802 – double utf-8 bom yields in encoding errors in Validation result

This is an archived snapshot of W3C's public bugzilla bug tracker, decommissioned in April 2019. Please see the home page for more details.

Bug 802 - double utf-8 bom yields in encoding errors in Validation result

Summary: double utf-8 bom yields in encoding errors in Validation result

Status:	RESOLVED FIXED

Alias:	None

Product:	Validator
Classification:	Unclassified
Component:	check (show other bugs)
Version:	0.6.7
Hardware:	Other other

Importance:	P2 normal
Target Milestone:	---
Assignee:	Terje Bless
QA Contact:	qa-dev tracking

URL:	http://validator.w3.org/check?uri=htt...
Whiteboard:
Keywords:

Depends on:
Blocks:

Reported:	2004-06-16 13:54 UTC by Bj
Modified:	2005-08-18 03:19 UTC (History)
CC List:	0 users

See Also:

Attachments

Description Bj 2004-06-16 13:54:38 UTC

http://validator.w3.org/check?uri=http%3A%2F%2Fwww.websitedev.de%2Fmarkup%
2Fvalidator%2Ftests%2Fdouble-utf-8-bom.html

Is invalid,

http://validator.w3.org/check?uri=http%3A%2F%2Fvalidator.w3.org%2Fcheck%3Furi%
3Dhttp%253A%252F%252Fwww.websitedev.de%252Fmarkup%252Fvalidator%252Ftests%
252Fdouble-utf-8-bom.html

  Sorry, I am unable to validate this document because on line 172 it
  contained one or more bytes that I cannot interpret as utf-8 (in other
  words, the bytes found are not valid values in the specified Character 
  Encoding). Please check both the content of the file and the character
  encoding indication.

Comment 1 Bj 2004-09-06 21:13:12 UTC

This is probably a duplicate of the bug that deals with using the UTF-8 flag 
for truncate_line() etc.

Comment 2 Ville Skyttä 2004-09-06 21:33:14 UTC

Offtopic, but BOM related: this might be interesting sometime:
http://search.cpan.org/dist/File-BOM/

Comment 3 Terje Bless 2004-09-11 13:15:29 UTC

One way to deal with this is to pass our complete output data through the UTF-8 checker (charlint),
possibly modified to tag illegal byte sequences and continue instead of croaking.

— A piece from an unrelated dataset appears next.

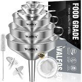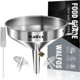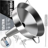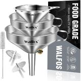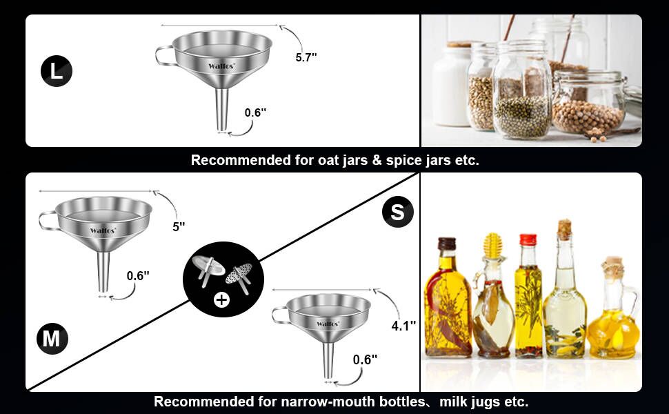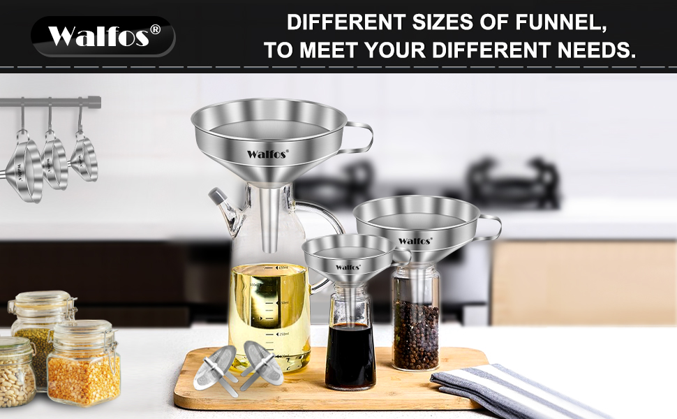 EASY TO USE & CLEAN - Stainless steel funnel has a side handle to conveniently hold the funnel over a jar, pot or pan. With convenient loop on the side, you can put it in kitchen cabinets, hang in garages, stored in utility rooms or anywhere you can put it. Easy to clean by simply washing with soapy water after use. It is also dishwasher safe(WALFOS RECOMMEND:Please clean and dry in time after use)

BTW, cf. Comment #1, I can't seem to find this bug you're refering to; care to provide a bug number?

Comment 4 Bj 2004-09-11 23:08:39 UTC

See the relevant comment in the source about Perl 5.8.x --- and I am not sure 
how your suggestion would help. The problem here is that the string is 
considered a byte string and thus substr etc. do not work as expected.

Comment 5 Bj 2005-08-18 03:19:59 UTC

Fixed in HEAD.